The investment will expand Amazon’s rural delivery network to over 200 delivery stations, create over 100,000 new jobs and enable the retailer’s network to deliver over a billion packages each year to customers in more than 13,000 ZIP codes, Udit Madan, senior vice president, Amazon Worldwide Operations, said in a Wednesday blog post.
“At a time when many logistics providers are backing away from serving rural customers because of cost to serve, we are stepping up our investment to make their lives easier and better,” Madan said in the post.
Amazon opened its first rural delivery station in 2020, began scaling its small-town delivery network in 2023 and has accelerated its average delivery speeds by 50%, according to the post.
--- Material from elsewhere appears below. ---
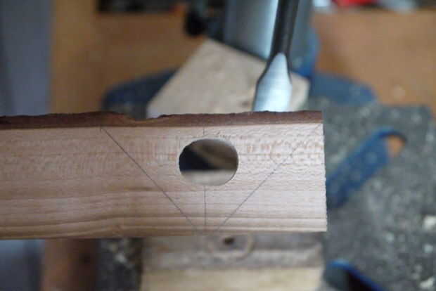 Después de la perforación puede probar el ajuste, ajustar y cortar el triángulo con su opción de la sierra.

“By the end of 2026, we’ll have tripled the size of our rural delivery network, to provide Prime members from Milton, Florida, to North Pole, Alaska, (and thousands of small towns and rural communities in between) the ability to shop from over 300 million items from the convenience of their homes and receive their packages even faster — cutting average delivery times in half,” Madan said in the post.
It was reported that Amazon was ramping up its logistics expansion efforts by acquiring industrial property and restructuring its distribution network to speed delivery and reduce costs.
At the time, the company had leased, bought or announced plans for over 16 million square feet of new warehouse space in the U.S. in the first five months of 2024, adding to its existing footprint of about 413 million square feet of industrial real estate across the country.
UPS said Tuesday (April 29) that it was accelerating its planned volume reduction from Amazon, long a major customer, and now expects to slash Amazon package volume in its network by more than 50% by June 2026.
UPS executives said the decision reflects UPS’ pivot away from low-margin, high-volume accounts and toward more profitable business.